The outcome of the sentiment review shows investor interest in the energy sector is not always translating into action. Some of the factors at play are already well known but include ongoing capacity and supply chain constraints and skilled labour shortages that are contributing to the Australian infrastructure market “hitting a delivery ceiling”.

The investors involved in this latest report also indicated that inconsistent government interventions “risks shorting out the transition”.  The assessment found that 40 per cent of participants were less likely to invest in energy transition infrastructure because of recent interventions, which are cited as “everything from establishing government-owned corporations to direct investments”. These, the monitor notes, are becoming normalised with the questions among investors of how, when and where government intervention is best placed to provide certainty and direction to the market but avoids crowding out private investment.

Where Priorities Lie

A majority of the investors involved in the assessment (56 per cent) already have investments in renewable energy generation, while the 20 per cent that aren’t currently investors have said they would consider it over the next three years.

As mentioned there is a strong appetite for grid storage and firming assets. While only 16 per cent of participants currently hold an investment in grid storage and firming, 52 per cent of participants who identified as not owning a storage and firming asset are interested in investing over the next three years.  As one institutional investor commented: “Storage projects are pretty compelling. They carry less development risk than some other assets and they’ve got great ESG[i] profile”.

Another 52 per cent of respondents nominated pumped hydro/long duration storage projects as a preferred focus for investment, although there was a degree of concern expressed by some respondents because of perceived risks, such as construction risks for these developments.

Other Key Findings

Some other interesting take outs from Infrastructure Partnerships survey:

There is a strong preference for the Federal Government to introduce carbon pricing or establish an emissions trading scheme – 72 per cent overall support this to a large or very large extent. Respondents felt that carbon pricing would provide strong incentives for further investment in energy transition infrastructure.

Figure 3: Support for Federal introduction of price on carbon or ETS

Source: IPA Investment Monitor

Impediments to the transition. Like others in the energy sector investors point to limitations to the existing transmission system as a major impediment with 84 per cent of respondents pointing to this as a primary concern, followed by the need for adequate policy and regulatory frameworks to ensure an orderly transition to a lower emissions grid (see figure 4).

Figure 4: Impediments to the energy transition

Source: IPA Investment Monitor

Participants also flagged concerns about Australia’s slowing progress in delivering the renewable generation, storage and transmission required. And in the case of transmission developments noted the key challenges as being land acquisition, social licence, environmental approvals and high costs.

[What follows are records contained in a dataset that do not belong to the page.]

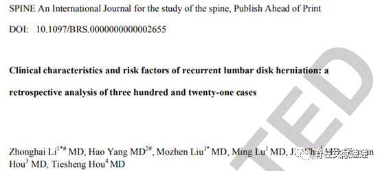 该文献回顾性分析了40例复发性椎间盘突出症患者和120例无复发的患者,以评估可能导致椎间盘突出症复发的危险因素。结论表明性别(男性),身高较高,工作繁重和吸烟者均为rLDH发生的危险因素,该结论与文献一较为相似。因此作者建议医生应提醒患者限制重体力工作,尤其是身高较高的男性,应戒烟以防止rLDH的发生。
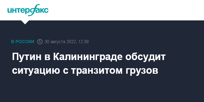 Москва. 30 августа. INTERFAX.RU - Президент РФ Владимир Путин в ходе поездки в Калининград обсудит ситуацию с транзитом грузов через Литву в этот российский регион, сообщил журналистам пресс-секретарь главы государства Дмитрий Песков.
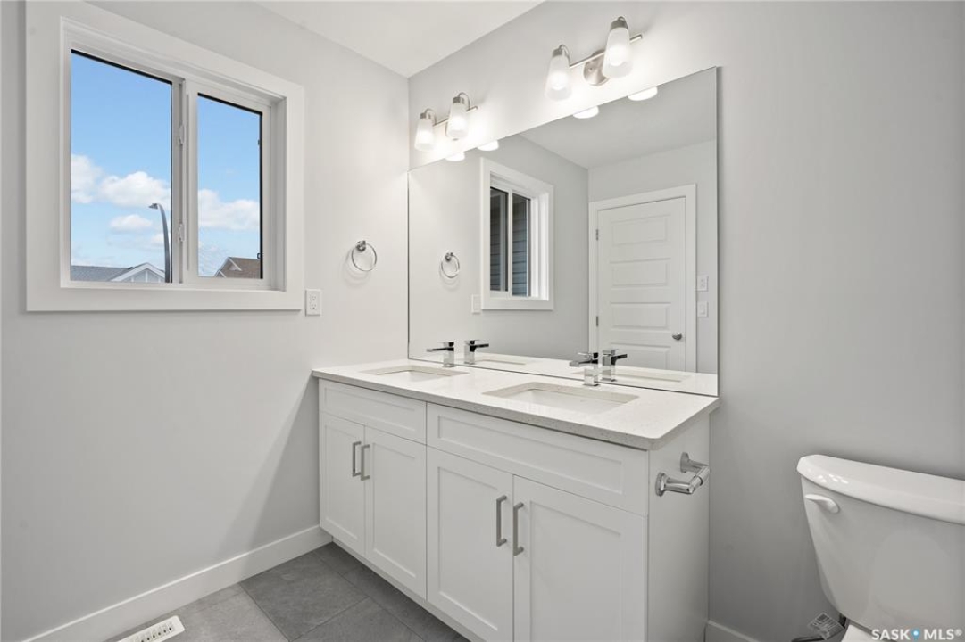 "NEW" Ehrenburg built [RICHMOND model] - 1560 SF 2 Storey. *LEGAL SUITE OPTION* This home features - Durable wide Hydro plank flooring throughout the main floor, high quality shelving in all closets. Open Concept Design giving a fresh and modern feel. Superior Custom Cabinets, Quartz counter tops, Sit up Island, Open eating area. The 2nd level features 3 bedrooms, a 4-piece main bath and laundry area. The master bedroom showcases with a 4-piece ensuite (plus dual sinks) and walk-in closet. BONUS ROOM on the second level. This home also includes a heat recovery ventilation system, triple pane windows, and high efficient furnace, Central vac roughed in. Basement perimeter walls are framed, insulated and polyed. Double attached garage with concrete driveway and front landscaping Included. PST & GST included in purchase price with rebate to builder. Saskatchewan New Home Warranty. Currently Under Construction with a currently scheduled APRIL 2026 POSSESSION -- ***Note*** Pictures are from a previously completed unit. Interior and Exterior specs vary between builds.
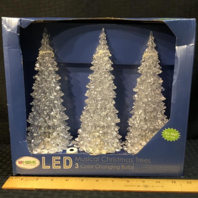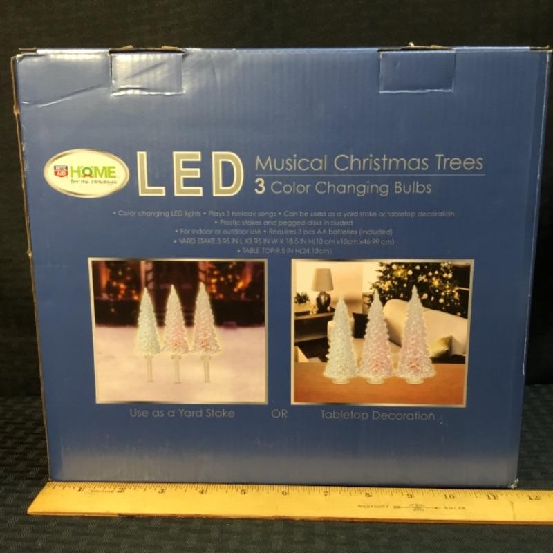 Up for auction is a boxed set of 3 light-up LED musical Christmas trees. Item is brand new in its original box and has not been opened. The box has some wear from storage; see pictures.
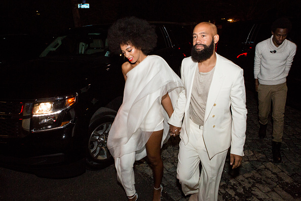Musician Solange Knowles (wearing Stephane Rolland with Stuart Weitzman shoes and a Lee Savage clutch) and her fiancee, music video director Alan Ferguson (wearing Costume National with an H&M shirt and Maison Martin Margiela shoes), arrive for their rehearsal dinner at the Felicity Street Methodist Church on November 15, 2014 in New Orleans, Louisiana.
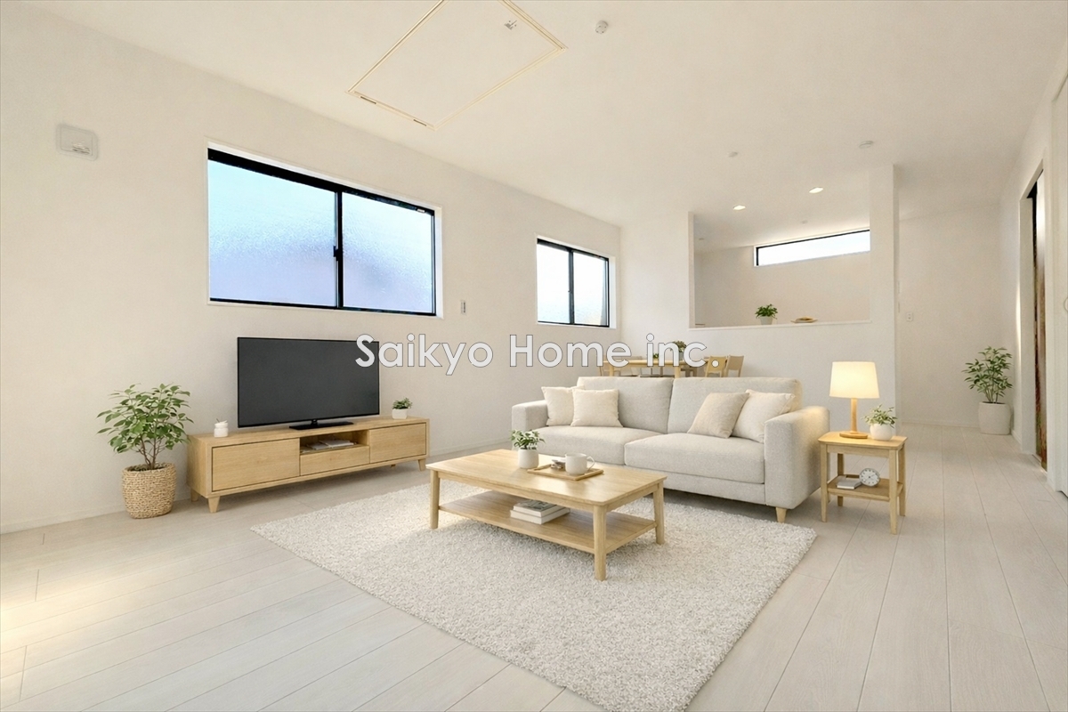 2階LDKは両面バルコニーからの自然光で満たされ、明るく開放感溢れる家族の寛ぎの場になります!豊富な収納も魅力的!※家具等はCG加工しております。■調布市国領町7 新築一戸建て■
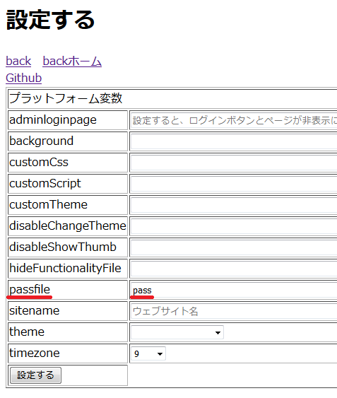 設定ページの「passfile」の項目に適当な名前(ここでは"pass"とする)を入力します。
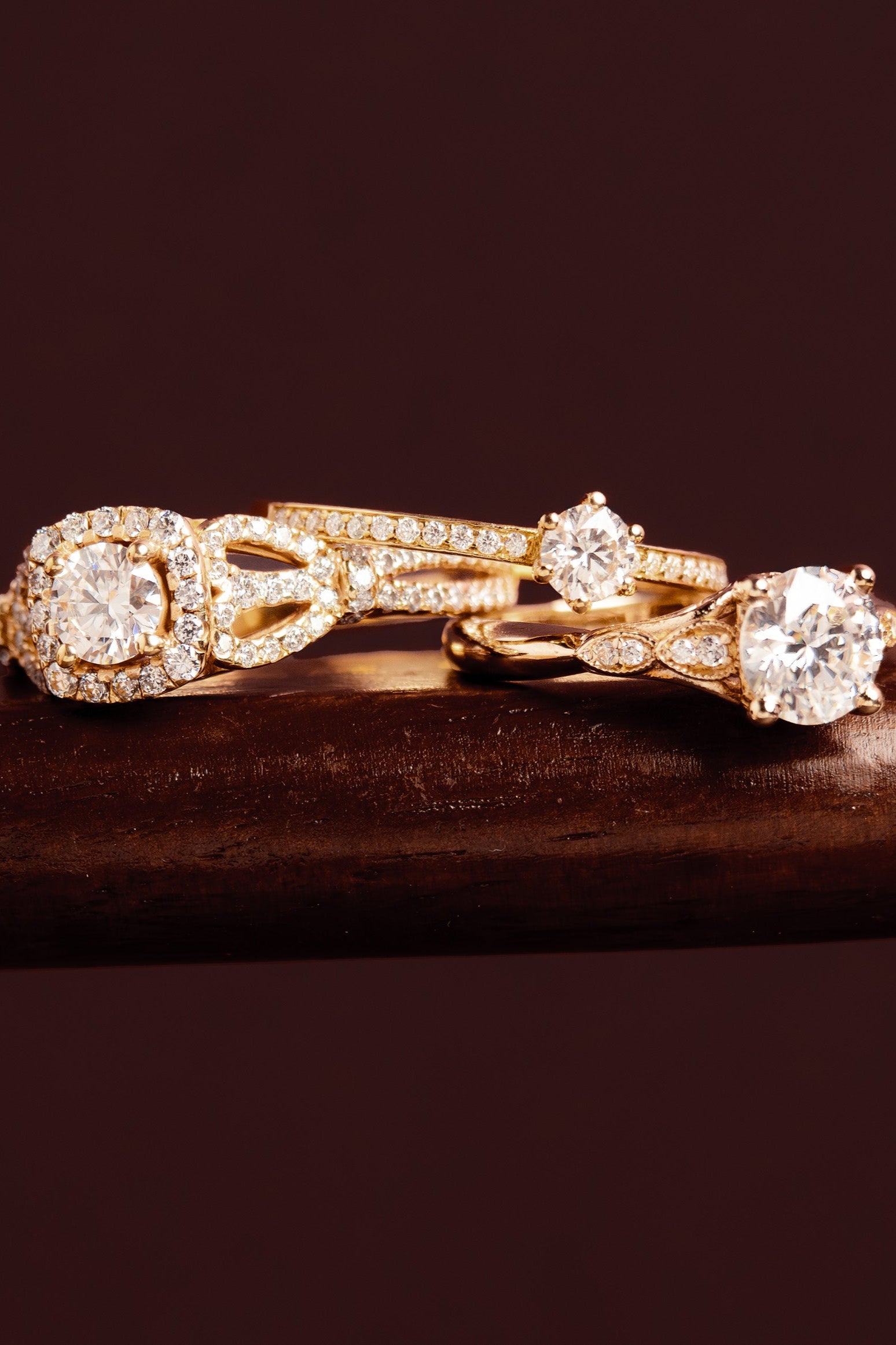 Trabalhamos com todo tipo de gema disponível atualmente no mercado (exceto zircônia). Em coleções específicas, utilizamos diamantes naturais, diamantes de laboratório, moissanite e outras gemas como safiras, rubis, esmeraldas e similares.
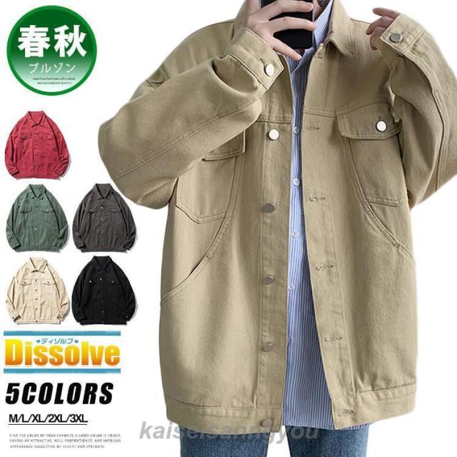 デニムジャケット メンズ 無地 薄手 カバーオール シャツジャケット デニム ジージャン ワークジャケット 秋 春 アウター ジャンバー ゆったり かっこ
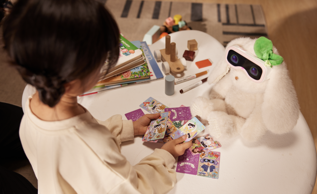 毛绒娃娃没有 AI 能力,智能交互都在娃娃的智能眼镜上;押注纯语音,而是做了大量 NFC 卡牌,涵盖故事播放、探案游戏等等,并将 NFC 卡牌视作孩子的 AI 入口。
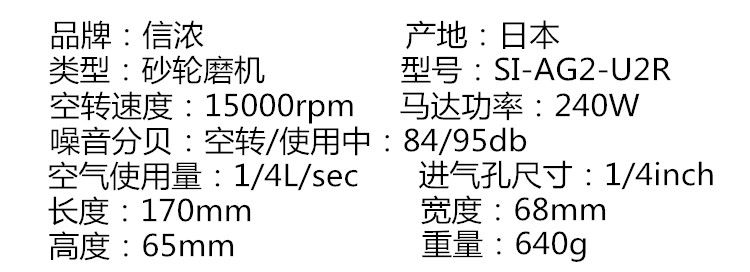 日本SHINANO信浓SI-AG2-U2R气动角磨机2寸气动砂轮机打磨机磨光机
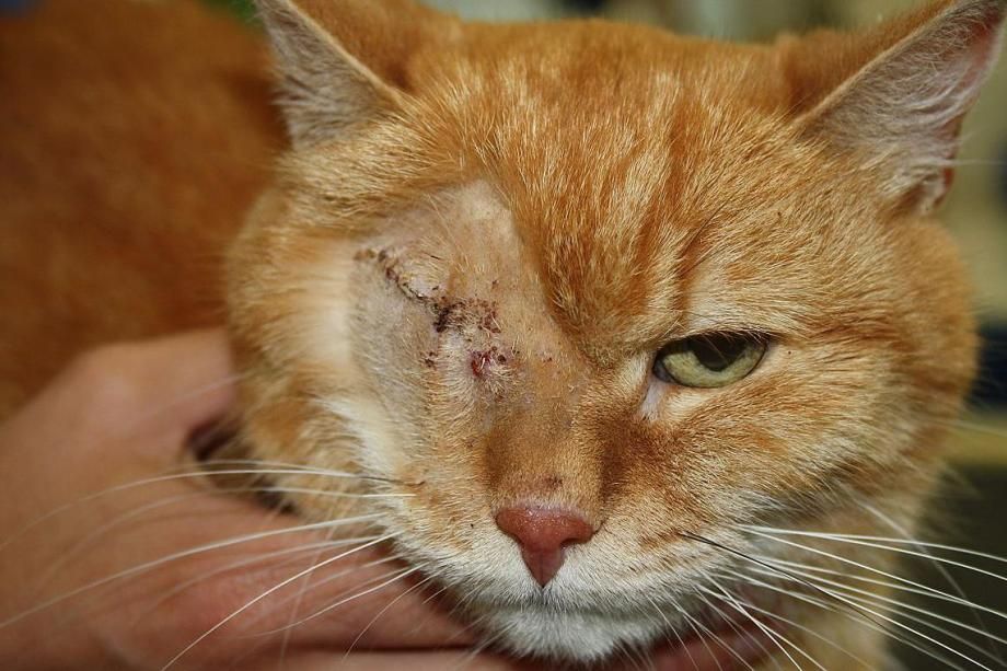 Das rechte Auge ist grotesk verändert: Der Augapfel ist gewaltig vergrössert und dadurch aus der Augenhöhle hervorgetreten; die Katze ist auf diesem Auge blind. Auf der zentralen Hornhaut hat sich ein grosser Hornhautdefekt gebildet. Eine Messung des Augendrucks mittels eines elektronischen Tonometers bestätigt den Verdacht, dass das Auge einen stark erhöhten Innendruck aufweist: Er ist etwa dreimal so hoch wie normal - die Katze leidet an einem sogenannten Glaukom (grünem Star). Durch den erhöhten Druck ist das Auge erblindet und als Komplikation ist ein Hornhautgeschwür entstanden: Die Katze konnte aufgrund des riesigen Augapfels nicht mehr blinzeln, und die Hornhaut ist infolgedessen ausgetrocknet.

Hydrogen (20 per cent) and nuclear (4 per cent) were two of the least preferred asset classes. The lack of investor interest in nuclear is easily understood given the hurdles the technology would need to overcome including the long standing Federal Government nuclear prohibition. On hydrogen, Infrastructure Partnerships Australia comments that the lack of interest in at a technology that is being seen as a technology with the potential to transition hard-to-abate sectors stems from “investors… (remaining) uncertain about its realistic application and delivery in the near-term”.

Overall this latest assessment of investor interest shows that while Australia remains an attractive venue for investors and there is a strong interest in the energy transition that has accelerated in recent years “experience shows this is not always resulting in activity” for a variety of reasons.  A key requirement will be coordination and collaboration between government and industry in order to deliver “the eye-watering energy transition and social infrastructure build” at a time when the “transport ‘megaproject’ tail is still wagging”.